First, the reorder buffer (Re-Order Buffer, ROB) determines the range of instructions that the out-of-order execution engine can extract for instruction-level parallelism and select independent instructions for out-of-order execution. The number of integer physical registers determines how many integer register renaming can be accommodated. Loongson still has a significant gap that needs to be bridged in these parameters.

In addition, Loongson has opted for a separate issue queue design, which is easier to increase capacity but can lead to resource allocation imbalances. AMD and MIPS have historically used this design, where all instructions allowed for out-of-order execution are stored separately by type, such as integer instructions in their own independent issue queue and floating-point instructions in another independent issue queue. If an integer-intensive program fills the integer queue, the floating-point issue queue may be completely empty.

In contrast, a centralized issue queue design is more complex and difficult to significantly increase capacity, but all instructions are stored in one place, avoiding vacancy situations. Intel has been a proponent of centralized issue queue designs for many years, with the first generation of its out-of-order multi-issue microarchitecture, P6, adopting a centralized issue queue. From Pentium 4’s Netburst, it switched to a distributed issue queue, and from the Core era, it reverted to a centralized issue queue, continuing to this day.

In the Core era, Intel’s centralized issue queue capacity was only 32 instructions, while AMD’s K8 had a total capacity of 60 instructions in its distributed issue queue, almost double. However, Intel has consistently increased the capacity of its issue queue, ultimately achieving a design of 72 entries in the centralized issue queue and 8 issue ports in Haswell. In the absence of concurrency constraints, this centralized issue queue can dispatch 8 instructions per cycle for out-of-order execution, making it a pinnacle of centralized issue queue design.

Loongson has not disclosed its dispatch width in the paper, but based on the configuration of the issue queue and execution units, I estimate it may be between 4 to 6 instructions.

Of course, in specific details, there are also commendable aspects of Loongson GS464E’s design. All frequently accessed execution units can complete operations in a single cycle and support back-to-back issuing in the case of data dependencies through aggressive data forwarding design. The memory access pipeline supports speculative issuing of memory access instructions and instruction replay (a challenging memory optimization technique that can shorten memory latency).

More commendably, the physical register file (PRF) and pointer-based issue queue processing logic have also been introduced early on, a route that Intel once abandoned but later had to adopt again to introduce AVX instruction sets.
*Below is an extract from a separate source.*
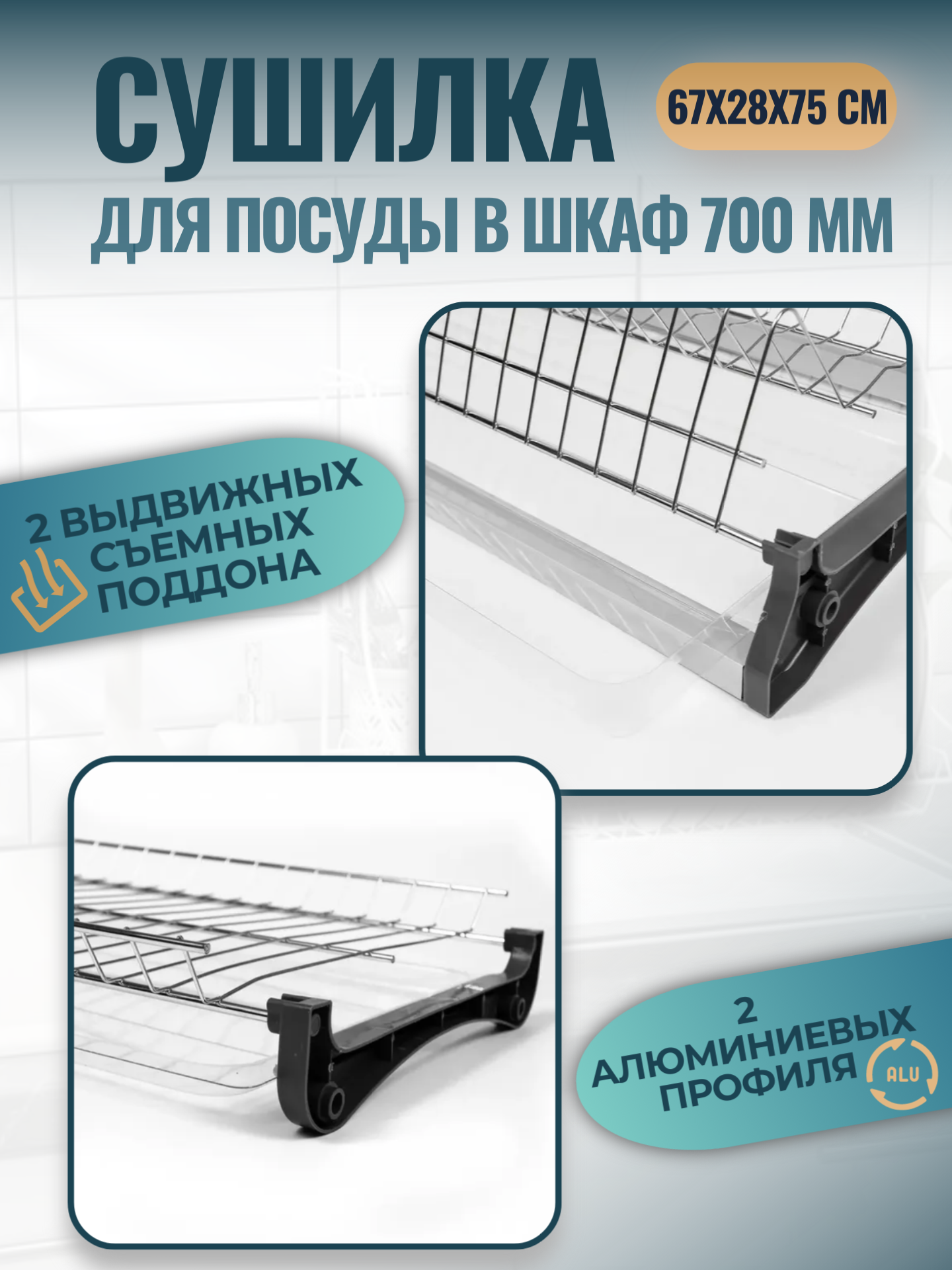 Сушилка для посуды в шкаф 70 см, посудосушитель 668х280х75 (35) мм в кухонный шкаф с поддоном, встраиваемый, хром: сравнение цен, характеристики, фото, актуальное наличие и цены.

Loongson has smartly avoided the detours Intel once took.

However, these detailed improvements are insufficient to enable GS464E to challenge the Core i7 in out-of-order execution capabilities. How long it will take for Loongson to reach the design level of Haswell’s out-of-order execution engine will depend on whether Loongson’s physical and circuit design levels can support a larger issue queue, a more complex data forwarding network, and a physical register file with more concurrent read-write ports. These key structures are the focal points that underpin the design of the out-of-order execution engine.

Ample Capacity: The New Generation GS464E’s Cache System

GS464E’s level 1 data cache is also 64KB, four-way set associative, but has been changed to a serial access design, meaning that it first accesses the tag array to determine a hit before accessing the data array. The intention behind this design is to sacrifice a few cycles of memory access latency for lower memory power consumption. Given that GS464E can maintain a load-to-use latency of 4 cycles for the level 1 data cache, this cost is acceptable.
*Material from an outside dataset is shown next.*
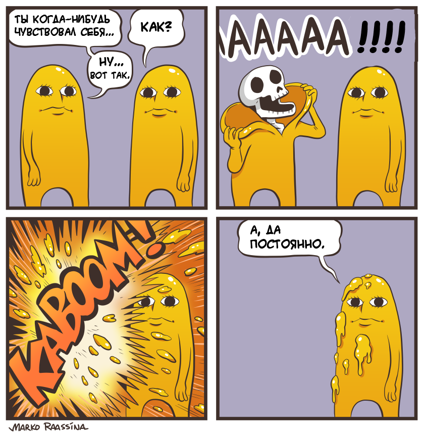Конкретно к этому комиксу - на нём не самые любимые персонажи художника, два жёлтых чувака, которые общаются на абстрактно-депрессивные темы, снабжённые годным визуальным юмором. Выраженное состояние "ААААА+взрыв", пожалуй, реально знакомо каждому.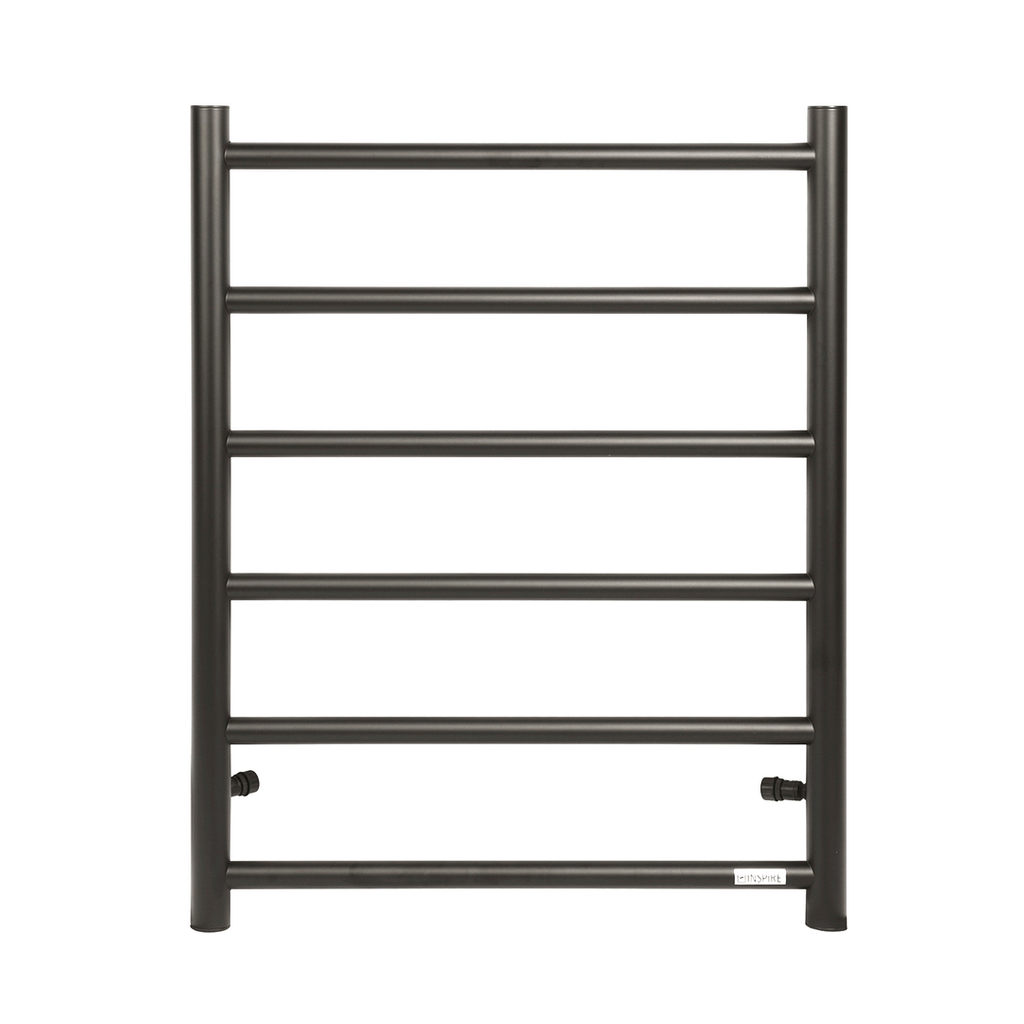 Otti Round Stainless Steel Gun Metal Electric Heated Towel Rack 6 Bars Universal Inlet

From more reliable SPEC CPU 2000 tests, the performance improvement of GS464E compared to the previous generation Loongson 3A in some sub-test items can reach up to 300% or more.

Interestingly, beneath the level 1 data cache, each GS464E core has an independent cache system, which the Loongson group refers to as Victim Cache.

Generally, a Victim Cache is a small cache attached to the level 1 cache, capable of storing very little capacity, primarily to catch data evicted from the level 1 cache and quickly return them when needed. However, Loongson’s Victim Cache has a capacity of 256KB; by terminology convention, this is no longer a Victim Cache but a proper private level 2 cache. The reason for calling it a Victim Cache should be that this cache is designed to be mutually exclusive with the level 1 cache, meaning that instructions and data present in the level 1 cache are definitely not backed up in the level 2 cache.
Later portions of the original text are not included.